Drugs, nudity, vulgarity, and a preposterous plot? There must be a new Seth Rogen film out! Seriously though, all kidding aside I do love Rogen. He’s a talented, intelligent, honest Canadian boy and back in 2007, when I was at the height of my teenage years, “Superbad” and “Knocked Up” defined popular culture. Since then however, to say he’s been struggling would be putting it lightly in my opinion, of course that’s with the exception of the brilliant film “50/50.” I don’t know what happened, either I grew up or his shtick became all too familiar. Whatever it was, I haven’t been excited to see a Rogen film in a good, long while. Nevertheless, with early reviews holding strong and a cast that with respectable merit, I decided to give “Neighbours” a chance. Do I regret it, you ask? Well I’m not exactly thrilled whenever I make a mistake, but the film has some respectable qualities and memorable moments? I put a question mark as I’m not exactly confident that this statement will hold up with the passage of time…or for the duration of this review…
With “Neighbours'” incessant awareness campaign set to overkill, I’m not sure there are many who don’t know the film’s plot and selling points. Nonetheless, for those of you who have been fortunate enough to escape the film’s black hole of mediocrity, you’ve managed to save a significant amount of hilarity for the actually viewing of the film, granted you view it at all. Yes, a sizeable chunk of the film’s most memorable, hilarious scenes are plastered all over the internet and television for free, so enjoy. Now, essentially “Neighbours” is a tale of two childish, unfulfilled men at different stages in their lives trying to prevail and dominate over the other. Yes, that’s the premise and yes, it is as immature in its delivery as it is script-wise. In layman’s terms, a frat somehow manages to move into a quiet neighbourhood and soon is at war with their new neighbours.
Directed by Nicholas Stoller (Forgetting Sarah Marshall, Get Him to the Greek), and starring, apart from Seth Rogen, the lovely and immensely talented Rose Byrne, Zac Efron, and Dave Franco, “Neighbours,” on paper, should have been a laugh riot, not a measly chuckle and whimper.
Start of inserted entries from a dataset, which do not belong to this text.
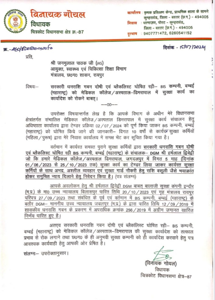 गोयल ने कहा है कि आपके अवलोकन हेतु हर्षलाल द्विवेद्वी डीजीएम बाबत् बालाजी सुरक्षा कंपनी इन्दौर (म.प्र.) के मा० उच्च न्यायालय बिलासपुर पारित तिथि 20/10/2023 एवं गृह मंत्रालय रायपुर परिपत्र 27/09/2023 तथा संबंधित के पूर्व एवं वर्तमान में बीआईएस कम्पनी, बम्बई (महाराष्ट्र) के बतौर डीजीएम को माननीय उच्च न्यायालय जबलपुर (म.प्र.) द्वारा पारित तिथि 12/09/2019 में शासकीय धनराशि गबन के प्रकरण में अपराधिक क्रमांक 256/2019 में अग्रीम जमानत खारिज किया गया है। उक्त कंपनी को मेडिकल कॉलेज अस्पताल डिमरापाल में कार्यादेश दिया गया है जिसको रोका जाए।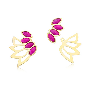 Discover the TerraFusion Flourish Earrings, elegantly crafted by hand with pink feldspar stones and finished in 18k gold plating. Created in collaboration with Brazilian artisan communities, these earrings embody sustainable luxury and distinctive design, reflecting the ethos of Treasures of Brazil. Wear a piece that combines ethical craftsmanship with timeless sophistication.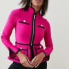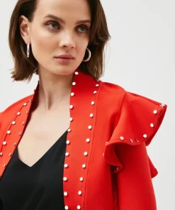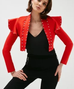 Let this vibrant red studded jacket be the statement piece when styling an outfit. The cropped style is tailored with an open front and features a shawl collar lined with polished metal studs and frills over the shoulders, also hemmed with studs. Pair with a simple tee and trouser combo for maximum effect.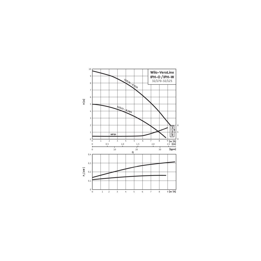 Pompa obiegowa WILO VeroLine-IPH-O 32/125-0,18/4 typu in-line z silnikiem znormalizowanym 50 Hz, moc silnika 0.18kW 0.62 A 1410 obr/min, wlot Kołnierz DN 32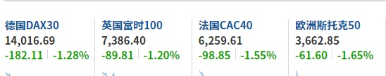 2. 截至发稿,德国DAX指数跌1.28%,英国富时100指数跌1.20%,法国CAC40指数跌1.55%,欧洲斯托克50指数跌1.65%。
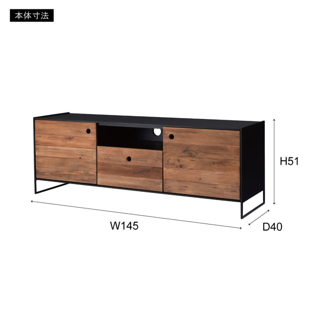 天然木パイン古材とアイアンを組み合わせ、ヴィンテージ感とインダストリアルな雰囲気を兼ね備えた存在感抜群のテレビ台。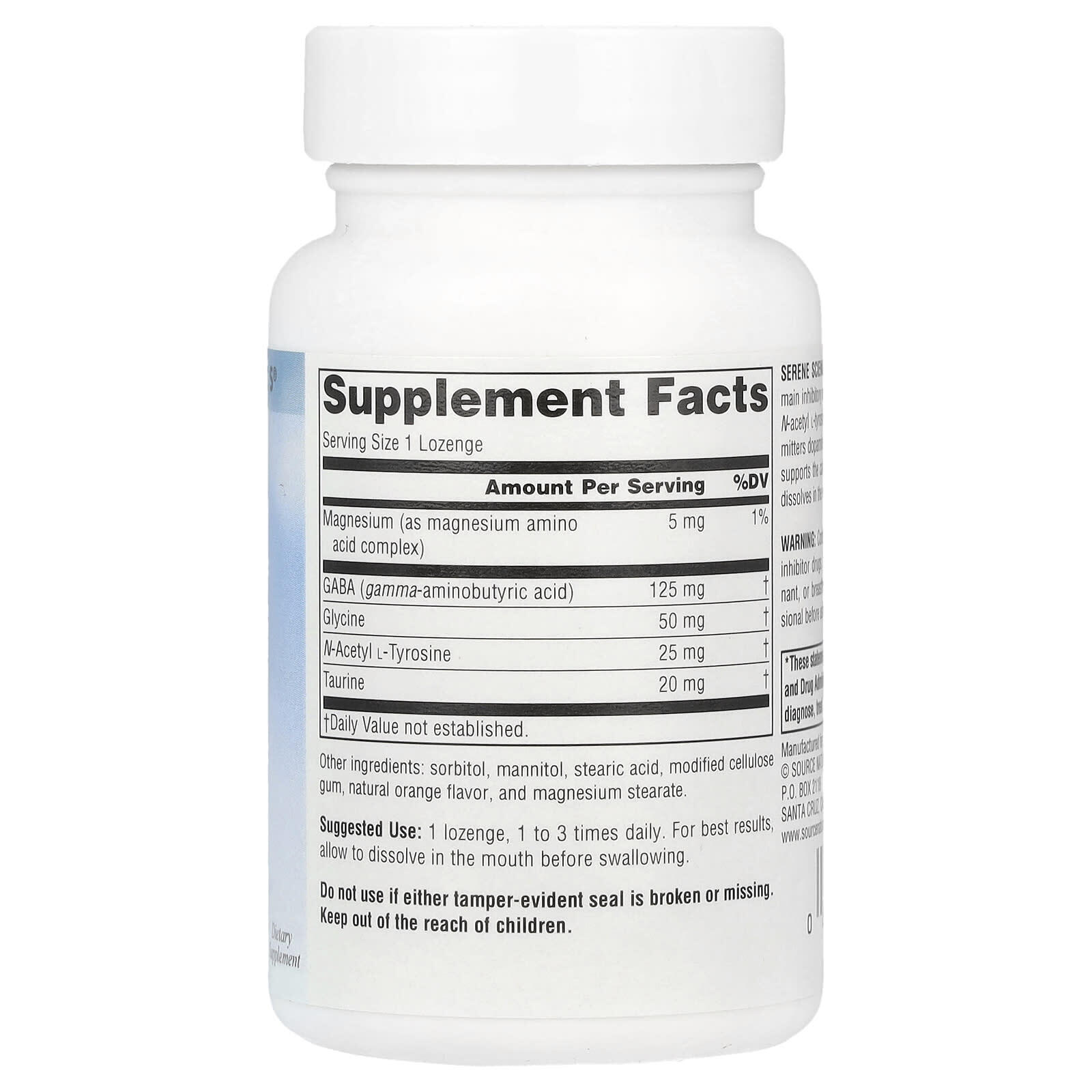 Serene Science® GABA Calm® сочетает в себе два основных ингибирующих нейромедиатора, ГАМК и глицин, с N-ацетил L-тирозином, который является предшественником нейромедиаторов дофамина и норадреналина. Кроме того, таурин поддерживает успокаивающий эффект ГАМК. Пастилки растворяются во рту, обеспечивая быструю и удобную доставку.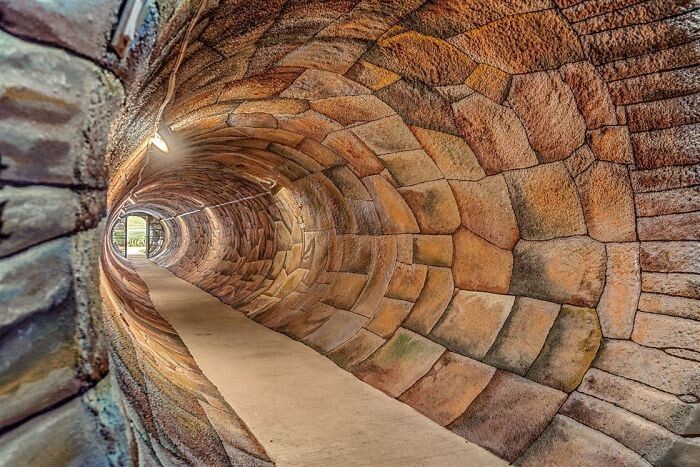 А вот теперь начинается путешествие в нору хоббита! Вход стилизован под туннель, сложенный из больших каменных глыб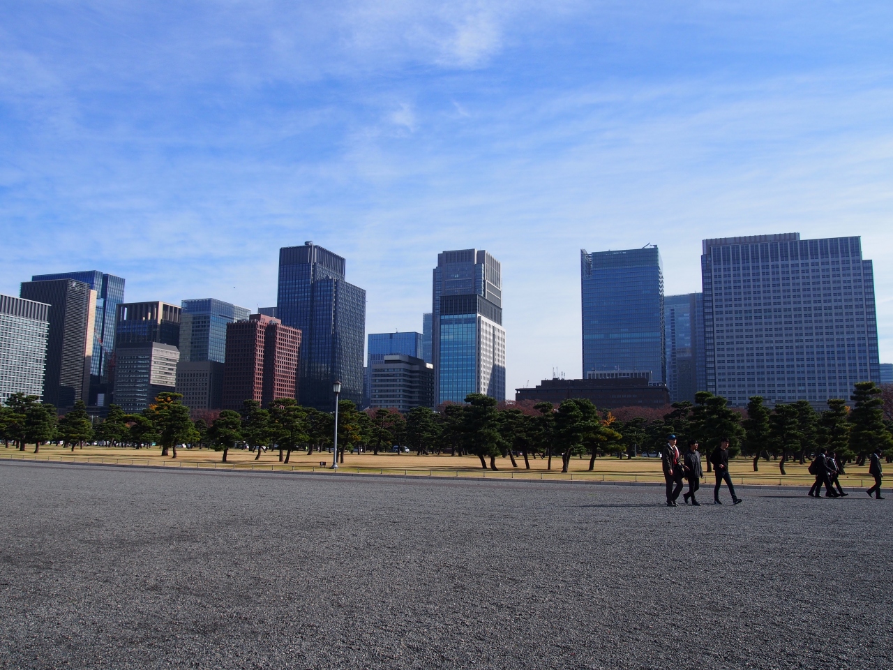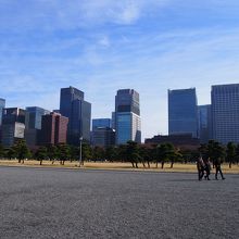 皇居前の皇居外苑の広場です。広場は人が歩ける場所と木々や芝生がある緑地の場所に分かれています。人が歩く場所は砂利道で少し歩きにくいです。皇居広場は広いのでけっこう歩く距離があります。正門橋、二重橋付近には観光客が多く集まっていますが、そのほかの場所はあまり人がいませんでした。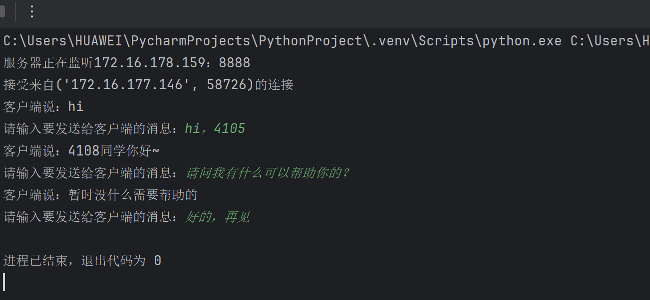 分别在服务器与客户端上运行代码。这里我与我的同桌高睿晗搭档,进行了一些简单的对话。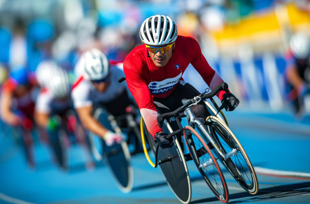 A thrilling race captures the spirit of competitive sports as men in wheelchairs speed down a track, Wheelchair athletes competing in a marathon, AI Generated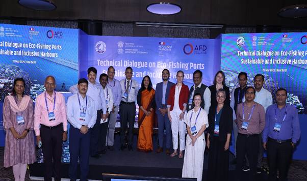The Department of Fisheries under the Ministry of Fisheries, Animal Husbandry & Dairying (MoFAH&D) and Agence Française de Développement (AFD) [AFD is an Agency of Development based out of France for technical and financial cooperation] , convened a Technical Dialogue on Eco-Fishing Ports : Sustainable and Inclusive Harbours in New Delhi, today to explore the “eco-fishing ports” concept designed to operate with reduced environmental footprints while maximising economic performance, social inclusion and ecosystem protection. The dialogue focused on promoting best port practices for a healthier environment and safer fish handling, alongside discussions on post-construction evaluation, maintenance and continuous improvement of port infrastructure. The meeting was held under the chairmanship of Ms. Neetu Kumari Prasad, Joint Secretary (Marine), Department of Fisheries. The deliberation was also graced by Ms. Lise Breuil, Country Director, AFD, Ms. Camille Severac, Deputy Country Director, ADF and Mr. Pablo Ahumada, counsellor for International Affairs, French Ambassy. Officials from the state fisheries department, delegates from France, Indonesia, Food and Agriculture Organization (FAO), Asian Development Bank, IIT Madras, Sea food export Association and representatives from Industry also participated in the dialogue.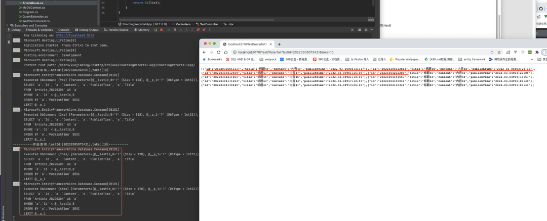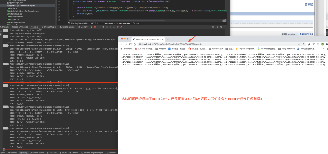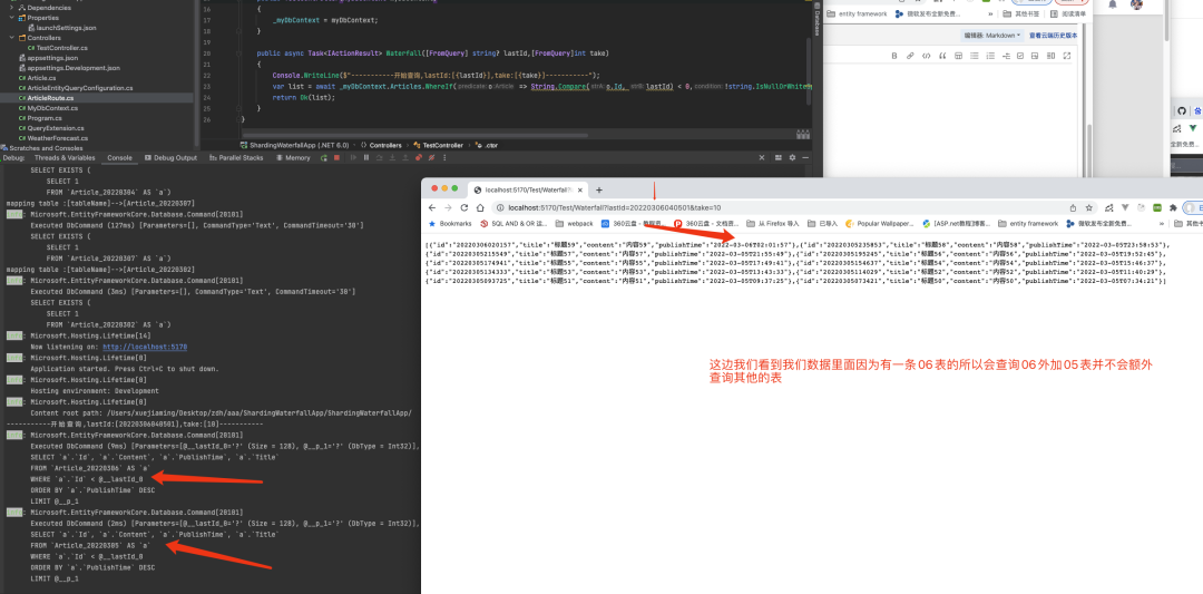 public class TailDayReverseComparer : IComparer <string > { public int Compare (string ? x, string ? y ) { //程序默认使用的是正序也就是按时间正序排序我们需要使用倒序所以直接调用原生的比较器然后乘以负一即可 return Comparer<string >.Default.Compare(x, y) * -1 ; } }//当前查询满足的复核条件必须是单个分片对象的查询,可以join普通非分片表 public class ArticleEntityQueryConfiguration :IEntityQueryConfiguration <Article > { public void Configure (EntityQueryBuilder<Article> builder ) { //设置默认的框架针对Article的排序顺序,这边设置的是倒序 builder.ShardingTailComparer(new TailDayReverseComparer()); /// /如下设置和上述是一样的效果让框架真对Article的后缀排序使用倒序 //builder.ShardingTailComparer(Comparer<string>.Default, false); //简单解释一下下面这个配置的意思 //第一个参数表名Article的哪个属性是顺序排序和Tail按天排序是一样的这边使用了PublishTime //第二个参数表示对属性PublishTime asc时是否和上述配置的ShardingTailComparer一致,true表示一致,很明显这边是相反的因为默认已经设置了tail排序是倒序 //第三个参数表示是否是Article属性才可以,这边设置的是名称一样也可以,因为考虑到匿名对象的select builder.AddOrder(o => o.PublishTime, false ,SeqOrderMatchEnum.Owner|SeqOrderMatchEnum.Named); //这边为了演示使用的id是简单的时间格式化所以和时间的配置一样 builder.AddOrder(o => o.Id, false ,SeqOrderMatchEnum.Owner|SeqOrderMatchEnum.Named); //这边设置如果本次查询默认没有带上述配置的order的时候才用何种排序手段 //第一个参数表示是否和ShardingTailComparer配置的一样,目前配置的是倒序,也就是从最近时间开始查询,如果是false就是从最早的时间开始查询 //后面配置的是熔断器,也就是复核熔断条件的比如FirstOrDefault只需要满足一个就可以熔断 builder.AddDefaultSequenceQueryTrip(true , CircuitBreakerMethodNameEnum.Enumerator, CircuitBreakerMethodNameEnum.FirstOrDefault); //这边配置的是当使用顺序查询配置的时候默认开启的连接数限制是多少,startup一开始可以设置一个默认是当前cpu的线程数,这边优化到只需要一个线程即可,当然如果跨表那么就是串行执行 builder.AddConnectionsLimit(1 , LimitMethodNameEnum.Enumerator, LimitMethodNameEnum.FirstOrDefault); } }第五步 添加配置到路由 public class ArticleRoute :AbstractSimpleShardingDayKeyDateTimeVirtualTableRoute <Article > { //省略..... public override IEntityQueryConfiguration<Article> CreateEntityQueryConfiguration () { return new ArticleEntityQueryConfiguration(); } }第六步 startup配置 var builder = WebApplication.CreateBuilder(args);// Add services to the container. ILoggerFactory efLogger = LoggerFactory.Create(builder => { builder.AddFilter((category, level) => category == DbLoggerCategory.Database.Command.Name && level == LogLevel.Information).AddConsole(); }); builder.Services.AddControllers(); builder.Services.AddShardingDbContext<MyDbContext>() .AddEntityConfig(o => { o.CreateShardingTableOnStart = true ; o.EnsureCreatedWithOutShardingTable = true ; o.AddShardingTableRoute<ArticleRoute>(); }) .AddConfig(o => { o.ConfigId = "c1" ; o.UseShardingQuery((conStr, b) => { b.UseMySql(conStr, new MySqlServerVersion(new Version())).UseLoggerFactory(efLogger); }); o.UseShardingTransaction((conn, b) => { b.UseMySql(conn, new MySqlServerVersion(new Version())).UseLoggerFactory(efLogger); }); o.AddDefaultDataSource("ds0" , "server=127.0.0.1;port=3306;database=ShardingWaterfallDB;userid=root;password=root;" ); o.ReplaceTableEnsureManager(sp => new MySqlTableEnsureManager<MyDbContext>()); }).EnsureConfig();var app = builder.Build(); app.Services.GetRequiredService<IShardingBootstrapper>().Start();using (var scope = app.Services.CreateScope()) { var myDbContext = scope.ServiceProvider.GetRequiredService<MyDbContext>(); if (!myDbContext.Articles.Any()) { List<Article> articles = new List<Article>(); var beginTime = new DateTime(2022 , 3 , 1 , 1 , 1 ,1 ); for (int i = 0 ; i < 70 ; i++) { var article = new Article(); article.Id = beginTime.ToString("yyyyMMddHHmmss" ); article.Title = "标题" + i; article.Content = "内容" + i; article.PublishTime = beginTime; articles.Add(article); beginTime= beginTime.AddHours(2 ).AddMinutes(3 ).AddSeconds(4 ); } myDbContext.AddRange(articles); myDbContext.SaveChanges(); } } app.MapControllers(); app.Run();第七步 编写查询表达式 public async Task<IActionResult> Waterfall ([FromQuery] string lastId,[FromQuery]int take ) { Console.WriteLine($"-----------开始查询,lastId:[{lastId} ],take:[{take} ]-----------" ); var list = await _myDbContext.Articles.WhereIf(o => String.Compare(o.Id, lastId) < 0 ,!string .IsNullOrWhiteSpace(lastId)).Take(take)..OrderByDescending(o => o.PublishTime)ToListAsync(); return Ok(list); }运行程序
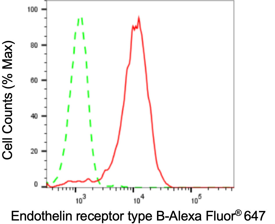 Flow cytometric analysis of Endothelin receptor type B expression in HepG2 cells using Endothelin receptor type B antibody. Green, isotype control; red, Endothelin receptor type B.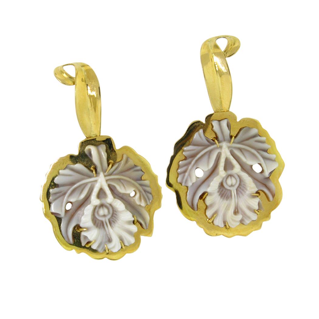 Cattleya dowiana orchid earrings, hand carved, "latticework" technique, sardonyx shell cameos, 23mm/23mm. Set in 18kt yellow gold. These are absolutely lovely for a bride on her very special wedding day and then can be used every day thereafter as they are very light and go with everything!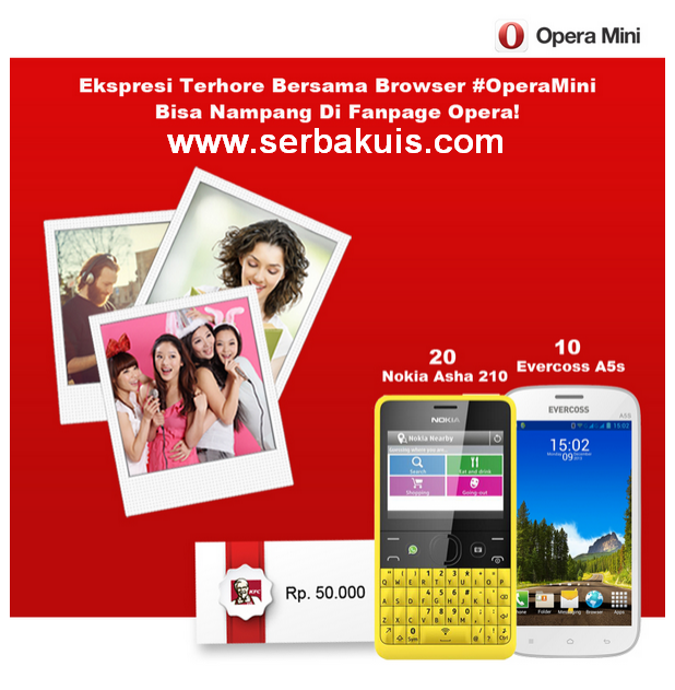 Opera Mini Bagikan 20 Nokia Asha 210 & 10 Evercoss A5s – Buat anda yang punya smartphone android, hampir dipastikan jarang sekali menggunakan browser internet bawaan, dan beralih menggunakan browser aplikasi lainnya yang banyak tersedia di Play store. Namun, banyak yang pilih-pilih tentunya, pilihan yang minku kenal itu ada Google chrome, opera mini, mozilla, sama Baidu. Nah, kalian tahu kan Opera Mini? kamu pake gak? sudah tahu belum, kalau Opera Mini sudah memiliki lebih dari 30 Juta pengguna haya di INDONESIA saja!, keren banget dah, soalnya opera mini memang simpel dan cepat sih menurut minku, karena minku juga menggunakannya sejak 6 tahun lalu, waktu masih pake ponsel java.

Apart from a few laughs, the film offers nothing of value cinematically. I’m sure the ladies will get a kick out of Efron shirtless, hell, even the male section of the film’s audience will see more of Rose Byrne than preferred, but these aren’t exactly facets to be proud of.
The film would have been infinitely better if they actually focused on the maturing aspect of birthing a child. After the all, the entire film is symbolic of couples rushing into parenthood. Stoller and Rogen are usually geniuses when it comes to displaying the emotional, consequential side of their comedies, but completely ignore that element in “Neighbours.”
I do assume it’s a positive that Rogen hasn’t been this effective in a while and that Efron has never been so charismatic, but in all fairness, their track records aren’t exactly top-notch of late. In Efron’s case, we really don’t have a resume to begin with. Byrne is as beautiful and entrancing as ever, but the vulgar humour doesn’t fit her well. Not surprisingly, the underrated Dave Franco truly steals the show here with his comedic prowess and impeccable impression of Robert De Niro.
Look, It’s not that I’m pretentious or hate laughter, far from it. I simply prefer subtle, intelligent, timely, sympathetic, relatable humour rather than an alternative that consists of the raunchy, idiotic, unfathomable approach of modern comedy, you know what I’m talking about, films like “Neighbours” or Adam Sandler abortions. I know that sounds conceded, even ostentatious, but honest to god that’s my preference. However, that doesn’t mean I don’t appreciate the dirty, unflinching, harsh, truthful approach of today’s comedians. It’s just, I find that humour occurs so naturally and fluidly that it is nearly impossible to capture true hilarity on demand for the sake of cinema. Additionally, where films of other genres rely on dialogue, performances, story, direction, cinematography, music, etc…comedy films, for the majority, solely depend on the appeal and material of its leading cast members, and “Neighbours” doesn’t meet any of the aforementioned criteria wholeheartedly.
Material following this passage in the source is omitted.